─── Dataset records
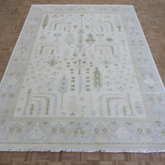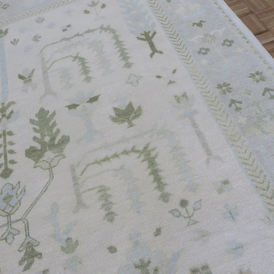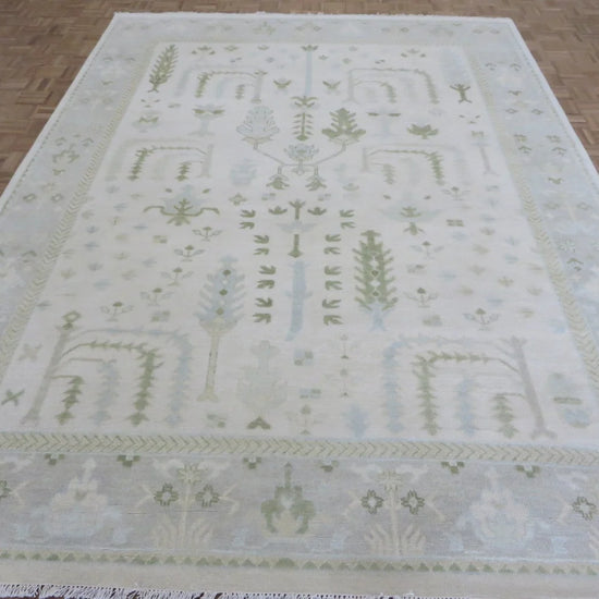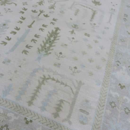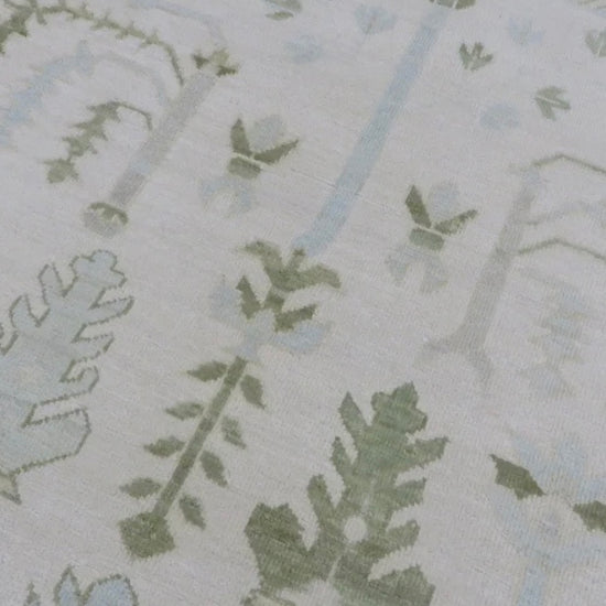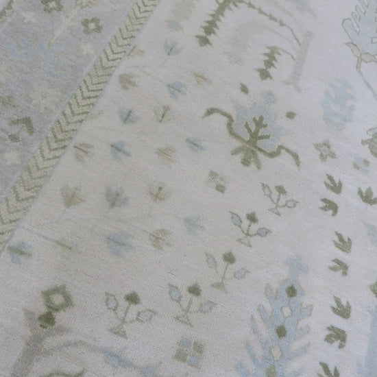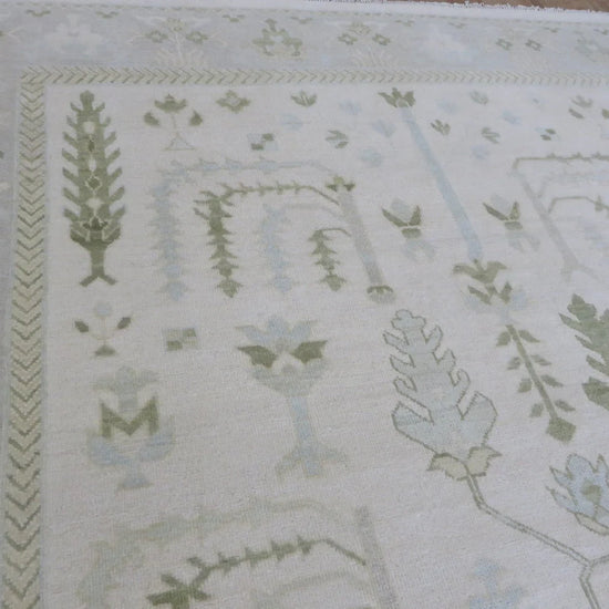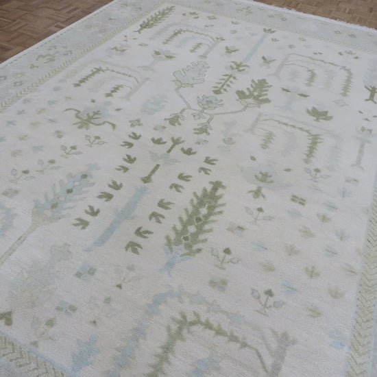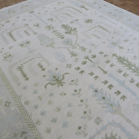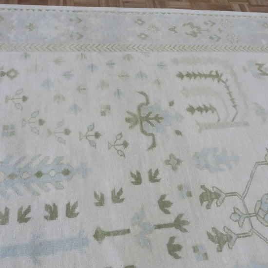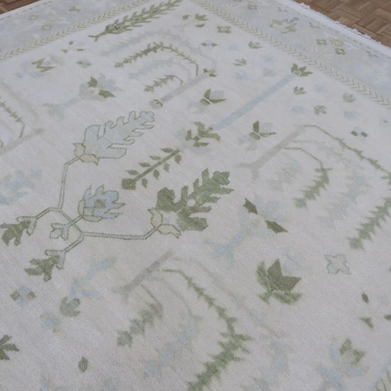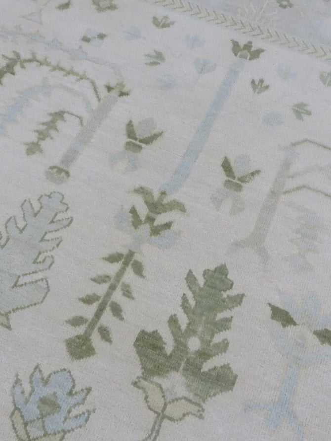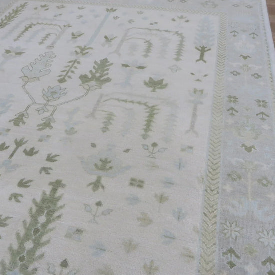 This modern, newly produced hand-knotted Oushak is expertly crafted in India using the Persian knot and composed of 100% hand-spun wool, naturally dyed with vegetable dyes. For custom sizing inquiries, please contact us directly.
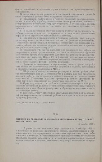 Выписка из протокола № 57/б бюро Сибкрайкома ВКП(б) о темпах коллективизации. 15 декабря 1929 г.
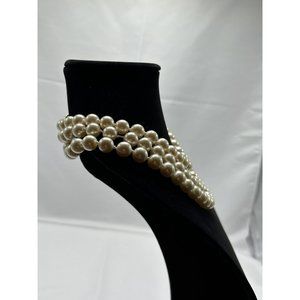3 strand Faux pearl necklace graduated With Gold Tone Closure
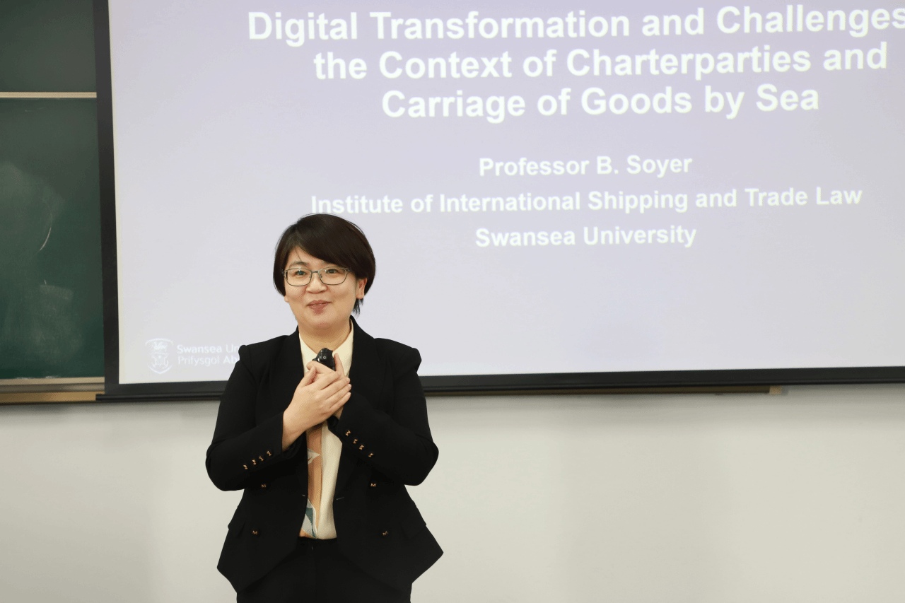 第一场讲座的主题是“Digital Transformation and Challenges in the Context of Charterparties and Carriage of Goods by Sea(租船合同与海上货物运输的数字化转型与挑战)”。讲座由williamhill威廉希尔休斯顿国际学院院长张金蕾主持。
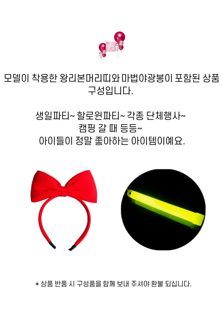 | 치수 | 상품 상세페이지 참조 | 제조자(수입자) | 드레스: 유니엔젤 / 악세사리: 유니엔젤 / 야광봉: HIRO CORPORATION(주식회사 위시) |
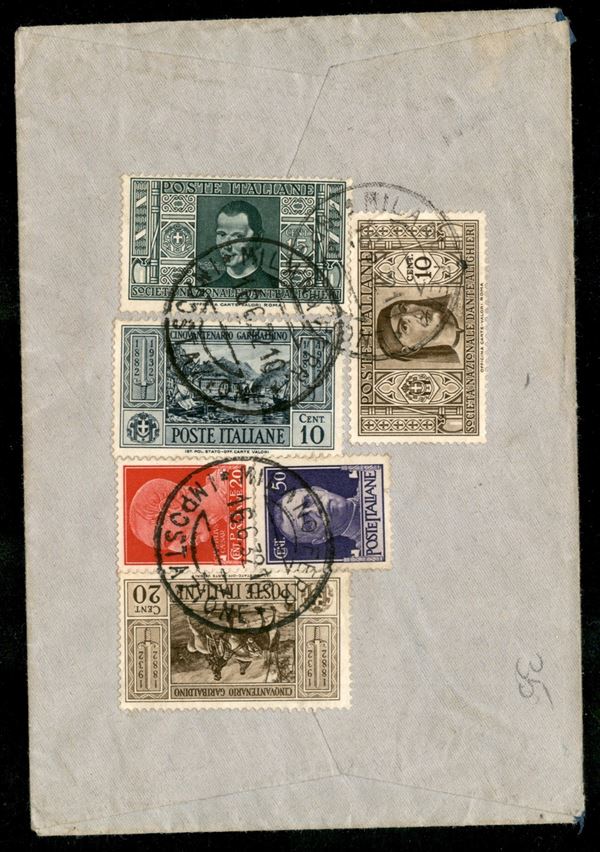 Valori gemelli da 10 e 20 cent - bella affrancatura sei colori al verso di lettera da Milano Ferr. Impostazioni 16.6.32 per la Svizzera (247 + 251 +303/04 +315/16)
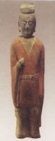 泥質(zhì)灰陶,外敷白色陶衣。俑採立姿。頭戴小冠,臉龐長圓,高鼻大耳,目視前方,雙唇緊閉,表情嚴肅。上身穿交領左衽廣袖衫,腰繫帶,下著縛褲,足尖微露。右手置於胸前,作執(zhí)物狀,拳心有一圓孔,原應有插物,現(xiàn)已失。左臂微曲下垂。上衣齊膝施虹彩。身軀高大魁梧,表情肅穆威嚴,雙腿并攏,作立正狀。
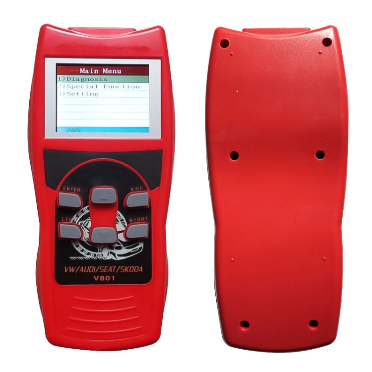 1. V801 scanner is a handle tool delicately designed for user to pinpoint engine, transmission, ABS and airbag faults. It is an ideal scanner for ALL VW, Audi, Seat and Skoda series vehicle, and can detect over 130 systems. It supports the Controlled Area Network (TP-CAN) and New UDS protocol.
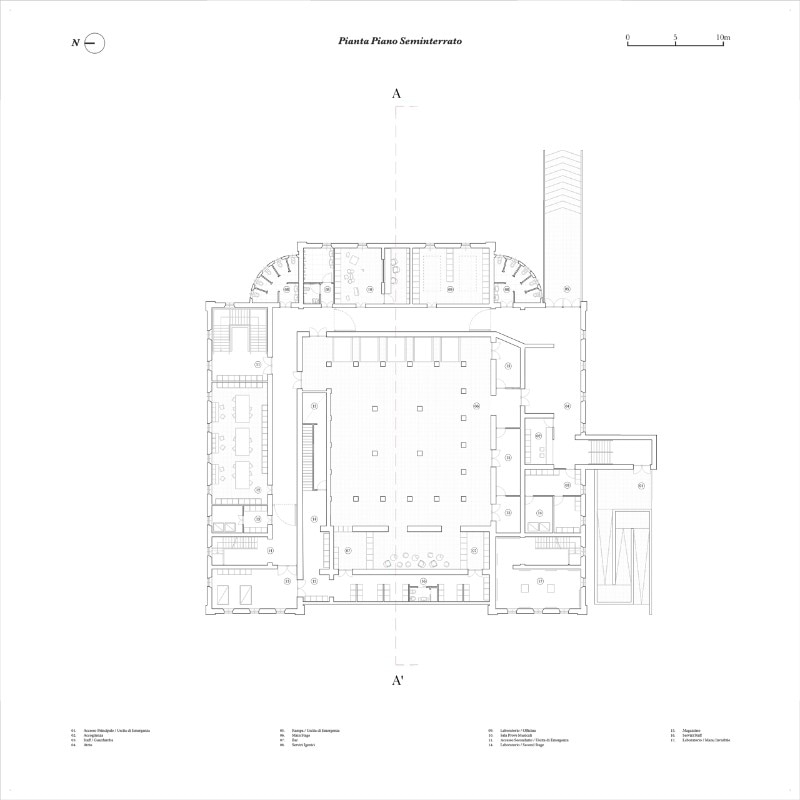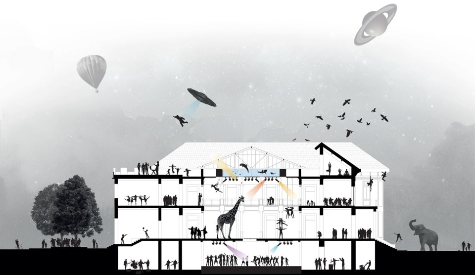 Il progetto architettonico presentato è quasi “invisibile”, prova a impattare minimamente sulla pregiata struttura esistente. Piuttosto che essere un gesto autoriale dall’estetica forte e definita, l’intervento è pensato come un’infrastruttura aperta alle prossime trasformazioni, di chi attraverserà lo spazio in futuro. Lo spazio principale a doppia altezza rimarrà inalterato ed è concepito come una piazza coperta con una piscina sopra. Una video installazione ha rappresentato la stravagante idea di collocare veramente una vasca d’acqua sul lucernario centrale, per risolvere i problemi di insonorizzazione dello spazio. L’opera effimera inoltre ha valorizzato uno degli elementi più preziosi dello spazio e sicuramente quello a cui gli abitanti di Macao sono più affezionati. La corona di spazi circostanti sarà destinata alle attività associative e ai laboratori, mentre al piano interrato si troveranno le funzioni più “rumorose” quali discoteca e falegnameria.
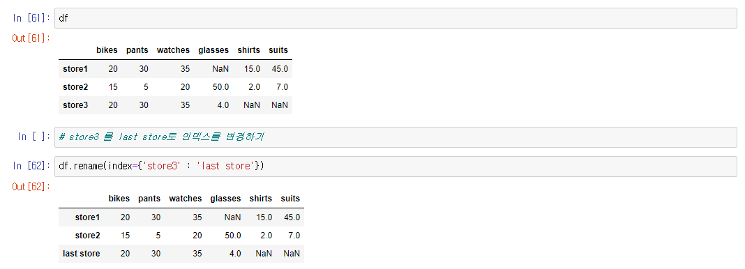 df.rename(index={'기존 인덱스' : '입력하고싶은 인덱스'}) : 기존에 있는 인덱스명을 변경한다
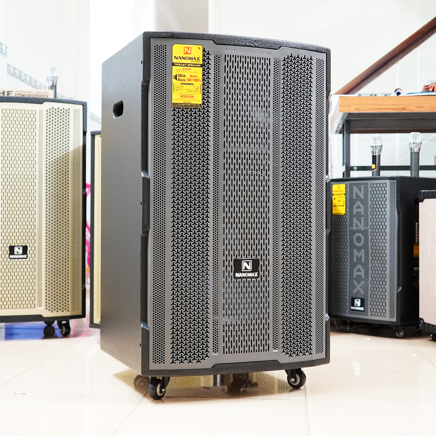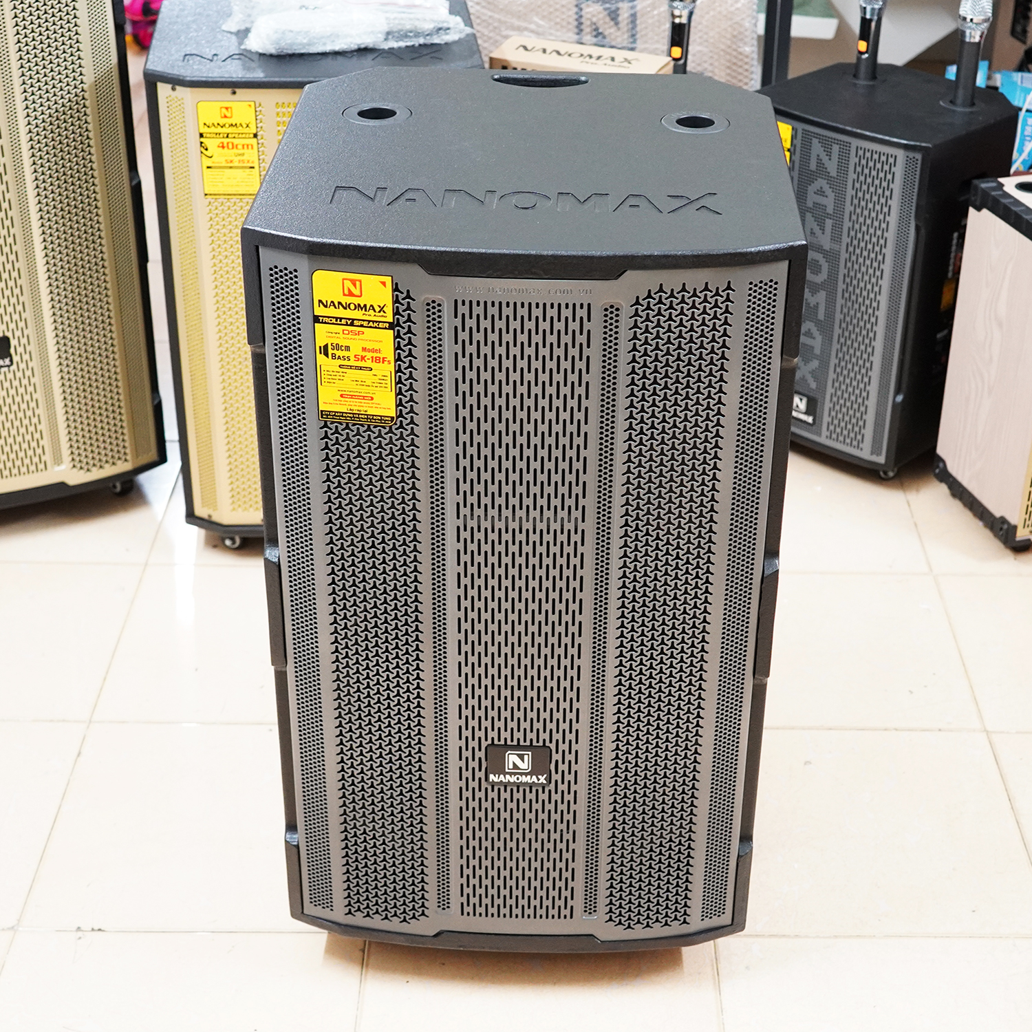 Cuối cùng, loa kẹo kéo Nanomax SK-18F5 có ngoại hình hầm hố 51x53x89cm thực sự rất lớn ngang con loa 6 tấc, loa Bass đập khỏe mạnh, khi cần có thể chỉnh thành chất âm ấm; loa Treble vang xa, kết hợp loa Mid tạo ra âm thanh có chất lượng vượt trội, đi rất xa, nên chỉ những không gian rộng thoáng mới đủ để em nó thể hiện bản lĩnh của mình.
──────
> _Problem_:
The needed output is the lines from the one with "있는 인덱스명을 변경한다" through the end of the listing, written out exactly, both ends included, pictures excluded.

> _Solution to this exercise_:
 df.rename(index={'기존 인덱스' : '입력하고싶은 인덱스'}) : 기존에 있는 인덱스명을 변경한다
 Cuối cùng, loa kẹo kéo Nanomax SK-18F5 có ngoại hình hầm hố 51x53x89cm thực sự rất lớn ngang con loa 6 tấc, loa Bass đập khỏe mạnh, khi cần có thể chỉnh thành chất âm ấm; loa Treble vang xa, kết hợp loa Mid tạo ra âm thanh có chất lượng vượt trội, đi rất xa, nên chỉ những không gian rộng thoáng mới đủ để em nó thể hiện bản lĩnh của mình.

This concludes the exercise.